Experts for recovery after exercise explain whether the “cooling after training” has any sense.
Everything depends on the intensity of your workout, says Dr. John Halilvil from the Department of Physiology of Sport and Exercise at the University of Oregon.
If you are exhausted to the point that you can not talk after training, do not skip this step. But why?
When you exercise, your body pumps a huge amount of blood to the extremities, said John. Thus increases heart rate and dilate blood vessels, in order the blood more easily to reach the muscles.
With every contraction, muscle restores all the blood back to the heart. Physiologists call this “second heart”. If you suddenly stop exercising, you turn off the “second heart”. The heart will continue to pump blood to the extremities, but there will be no help from “other heart” to recover the same amount.
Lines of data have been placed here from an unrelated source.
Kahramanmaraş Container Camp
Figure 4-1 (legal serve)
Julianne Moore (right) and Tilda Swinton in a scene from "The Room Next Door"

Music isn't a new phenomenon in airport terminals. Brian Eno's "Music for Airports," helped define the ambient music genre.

Result: You feel dizzy and nausea and may lead to fainting. Halilvil has seen such examples in his laboratory after respondents rode a room bicycle at high speed, then abruptly stopped.
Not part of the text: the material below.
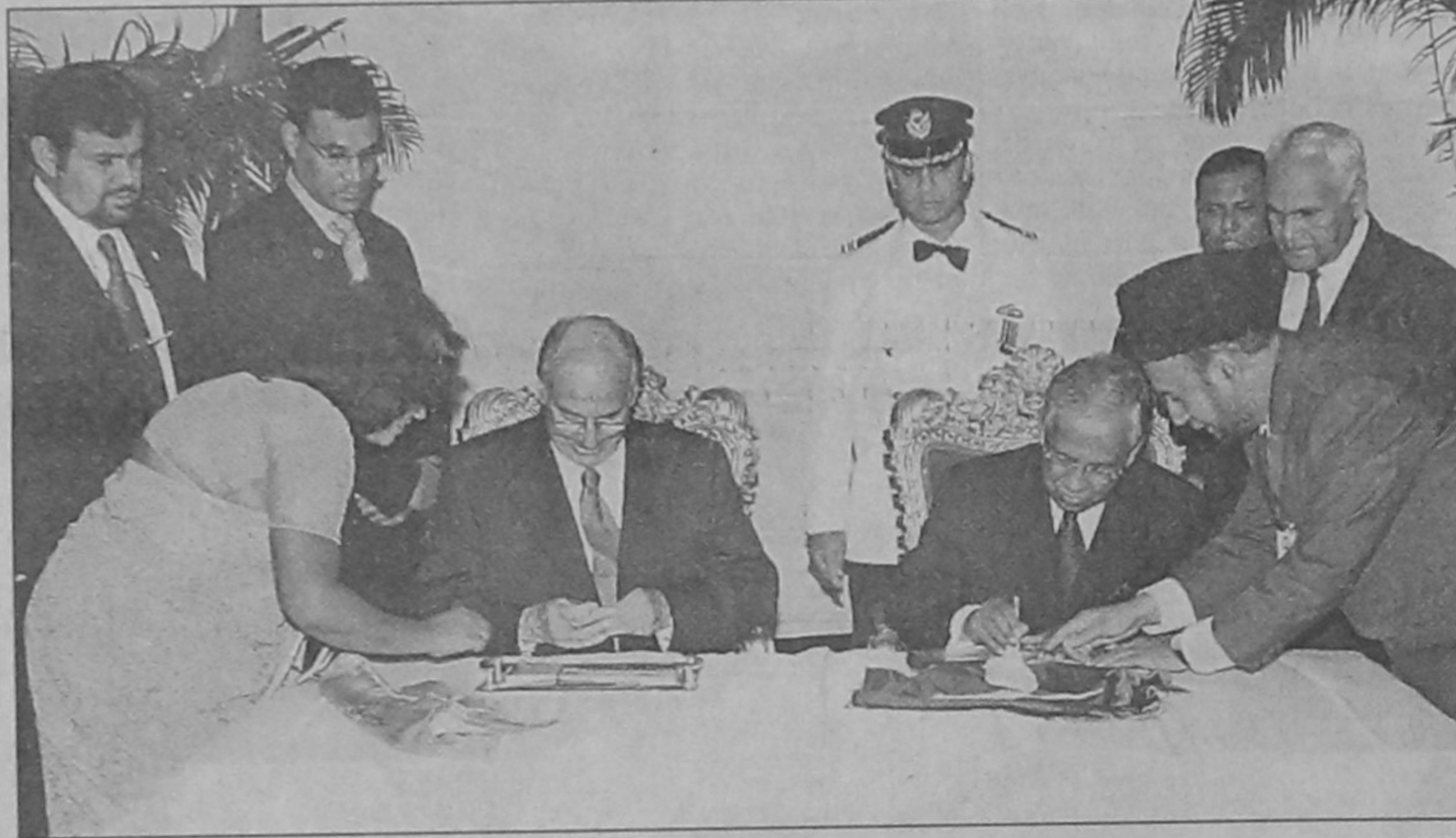
Chief Adviser Fakhruddin Ahmed releases two commemorative stamps at Hotel Sonargaon in the city yesterday to mark the 50 years of Prince Karim Aga Khan's leadership of the world's Ismaili Muslims. On his right is Prince Aga Khan.

“Cooling” after training prevents this to happen – it allows the cardiovascular system to gradually return to normal. On the other hand, if you keep the muscles active under low intensity workout a few minutes, thus would “wash” all byproducts of exercise, such as lactic acid.
The best technique for “cooling” after training
After completion of hard training, take 5 to 10 minutes in which you will repeat the same movements that you used during exercise, but with lower intensity, said Dr. John. This includes walking and light stretching or dynamic as a step forward or parallel kneeling on one leg to another.